According to the World Health Organization, underweight children can face lower immune function than those of normal body weight. This can make them vulnerable to sickness and cause their wounds to heal slower, putting them at a higher risk of developing infections. Underweight children are at an increased risk of mortality from illnesses such as diarrhoea and pneumonia, particularly in environments where they have less access to basic health care and hygiene. These risks are not exclusive to children who are severely underweight; even moderately underweight children face these dangers.

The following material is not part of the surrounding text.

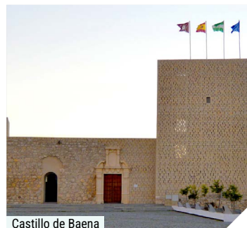
Castillo de Baena

Iron Deficiency and Anemia

Iron deficiency anaemia (IDA), a lack of iron that results in a deficiency of haemoglobin and red blood cells in the blood, can occur from malnutrition in children. Poverty often causes IDA because those living below the poverty level often do not have access to iron-rich foods, reports WHO. KidsHealth indicates that children with IDA suffer from decreased oxygen in the body, lethargy, fatigue and dizziness.

Deficiencies

WHO also notes that underweight children may face long-term developmental deficits due to a lack of important nutrients. Underweight children may have decreased calcium, putting them at risk for osteoporosis. Iodine deficiencies put underweight children at risk for mental retardation and brain damage. A lack of vitamin A can cause visual impairment and growth issues, and a zinc deficiency can cause lower respiratory tract infections and a greater susceptibility to malaria and diarrheal disease.

Other Considerations

KidsHealth reports that a child who is underweight may be showing symptoms of another illness, such as diabetes, an eating disorder, a sensory processing disorder or another medical condition that makes eating or digestion difficult. In many cases, however, a child may be slightly underweight because of a growth spurt, increased athletic activity, or a propensity for lower weights in his or her family. Only a medical professional can properly diagnose if the child is actually facing any health issues. Immediate medical consideration should particularly be given to children who have recently suffered a large decrease in weight, have vomiting issues, have trouble gaining weight or have diarrhoea or consistently low energy levels.